_DESCRIPTION OF THE TASK_. Before repeating the entries below, strip out every picture and keep all else as it is.

[Stored data]
☆ ☆ ☆ ☆ ☆
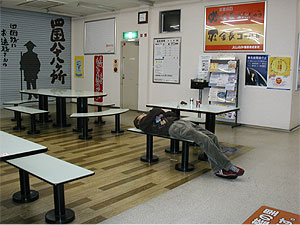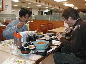 写真はラーメンを食べる塚越とソースカツ丼を食べる塩原。 塚越は長時間用メガネ姿です。 このソースカツ丼は、あまりにもソースがしょっぱく、ソースの味しかしなかったそうです。 早々と食事を済ませ、SAを後に。 まだまだ先は長い道のりです。 |
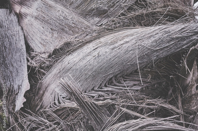 Close up picture of a palm tree trunk, color toned natural background or texture, selective focus.
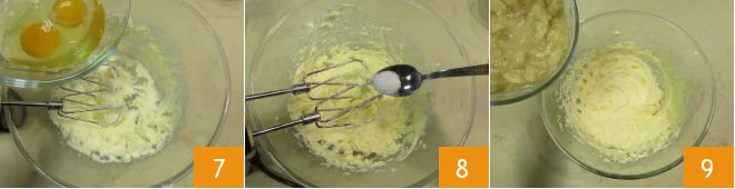 and when you have obtained a homogeneous mixture add the eggs, possibly one at a time to combine them better 7. Add a pinch of salt 8, then pour in the banana puree 9.
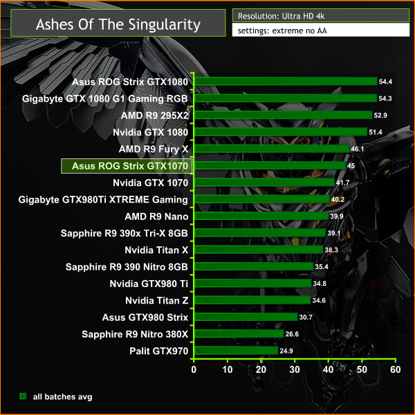 At Ultra HD 4K the Asus Republic Of Gamers Strix GTX 1070 falls around a frame per second behind the AMD R9 Fury X at reference clock speeds. This overclocked card averages around 3 frames faster than the GTX1070 Founders Edition.
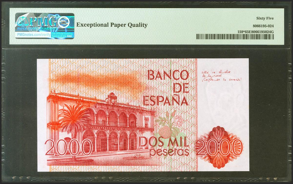 2000 Pesetas. 22 de Julio de 1980. Serie especial 9A. (Edifil 2021: 479b, Pick: 159*). Inusual en esta excepcional calidad, apresto original. SC. Encapsulado PMG65EPQ.
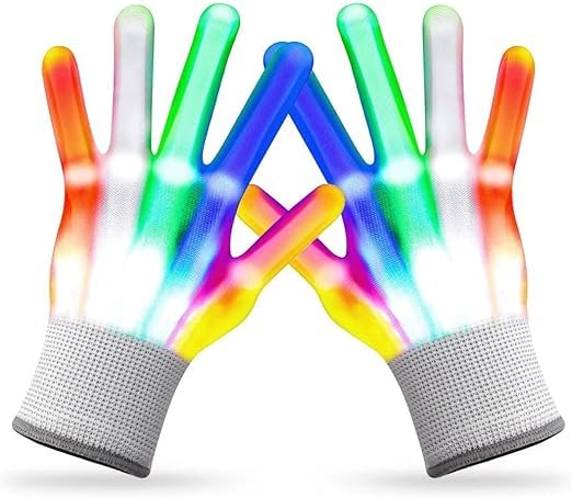 ginoya brothers - جوانتي ليد (مقاس للبالغين)، قفازات مضيئة للأصابع وأوضاع متعددة الألوان وامضة ملونة، ألعاب أطفال لحفلات الكريسماس والهالوين من جينويا براذرز (24 سم)
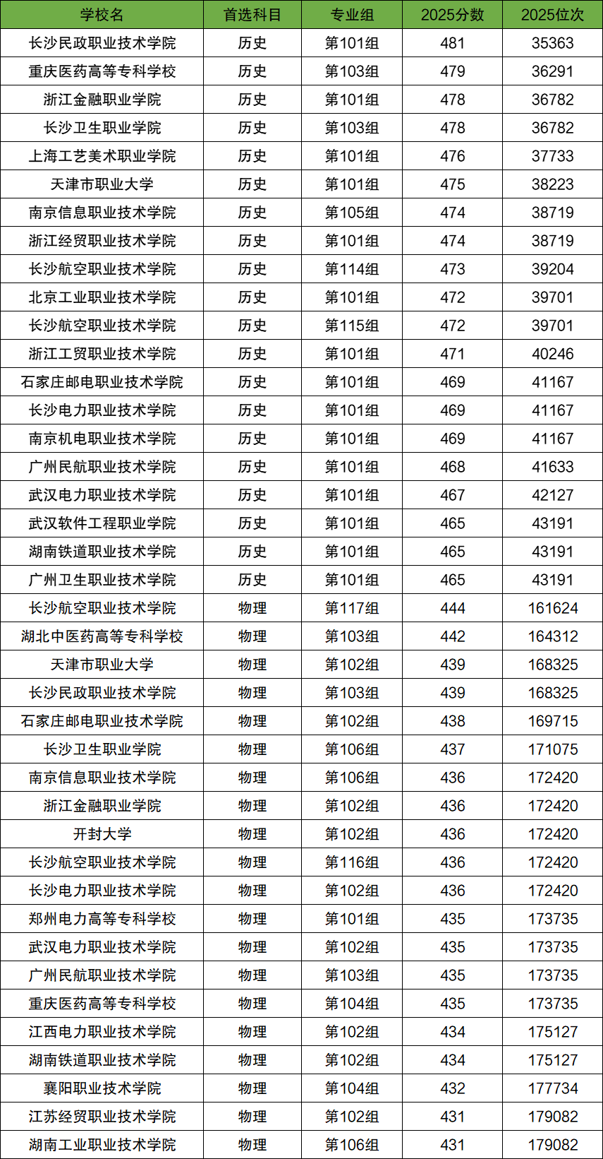 全国公办专科大学在湖南物理类录取分数线最高的是:长沙航空职业技术学院第117组,2025年最低分数线是444分,位次排名是161624位,超过专科线244分;录取分数线最低的是:永州师范高等专科学校第105组,2025年最低分数线是264分,位次排名是306965位,超过专科线64分。
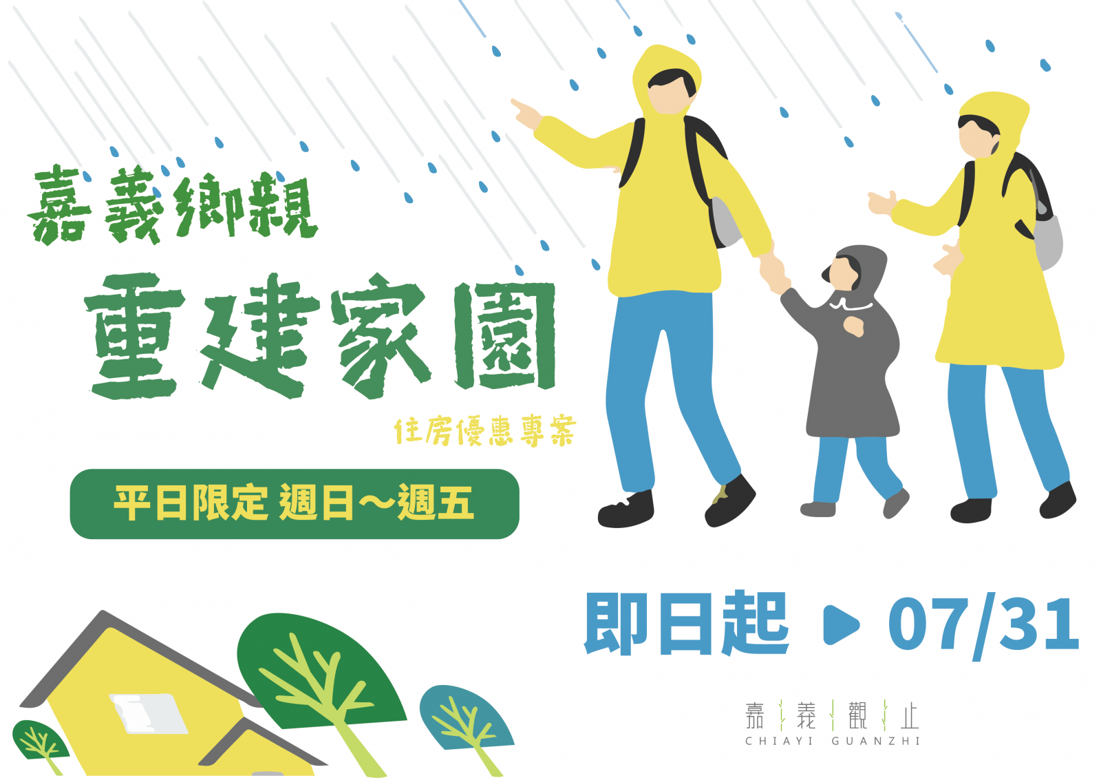 近期颱風災情不斷,再大的風雨也打不散嘉義人的牽絆,為此嘉義觀止推出最優惠的價格為嘉義縣市鄉親相挺
☆ ☆ ☆ ☆ ☆
_RESPONSE TO THIS TASK_.
 写真はラーメンを食べる塚越とソースカツ丼を食べる塩原。 塚越は長時間用メガネ姿です。 このソースカツ丼は、あまりにもソースがしょっぱく、ソースの味しかしなかったそうです。 早々と食事を済ませ、SAを後に。 まだまだ先は長い道のりです。 |
 Close up picture of a palm tree trunk, color toned natural background or texture, selective focus.
 and when you have obtained a homogeneous mixture add the eggs, possibly one at a time to combine them better 7. Add a pinch of salt 8, then pour in the banana puree 9.
 At Ultra HD 4K the Asus Republic Of Gamers Strix GTX 1070 falls around a frame per second behind the AMD R9 Fury X at reference clock speeds. This overclocked card averages around 3 frames faster than the GTX1070 Founders Edition.
 2000 Pesetas. 22 de Julio de 1980. Serie especial 9A. (Edifil 2021: 479b, Pick: 159*). Inusual en esta excepcional calidad, apresto original. SC. Encapsulado PMG65EPQ.
 ginoya brothers - جوانتي ليد (مقاس للبالغين)، قفازات مضيئة للأصابع وأوضاع متعددة الألوان وامضة ملونة، ألعاب أطفال لحفلات الكريسماس والهالوين من جينويا براذرز (24 سم)
 全国公办专科大学在湖南物理类录取分数线最高的是:长沙航空职业技术学院第117组,2025年最低分数线是444分,位次排名是161624位,超过专科线244分;录取分数线最低的是:永州师范高等专科学校第105组,2025年最低分数线是264分,位次排名是306965位,超过专科线64分。
 近期颱風災情不斷,再大的風雨也打不散嘉義人的牽絆,為此嘉義觀止推出最優惠的價格為嘉義縣市鄉親相挺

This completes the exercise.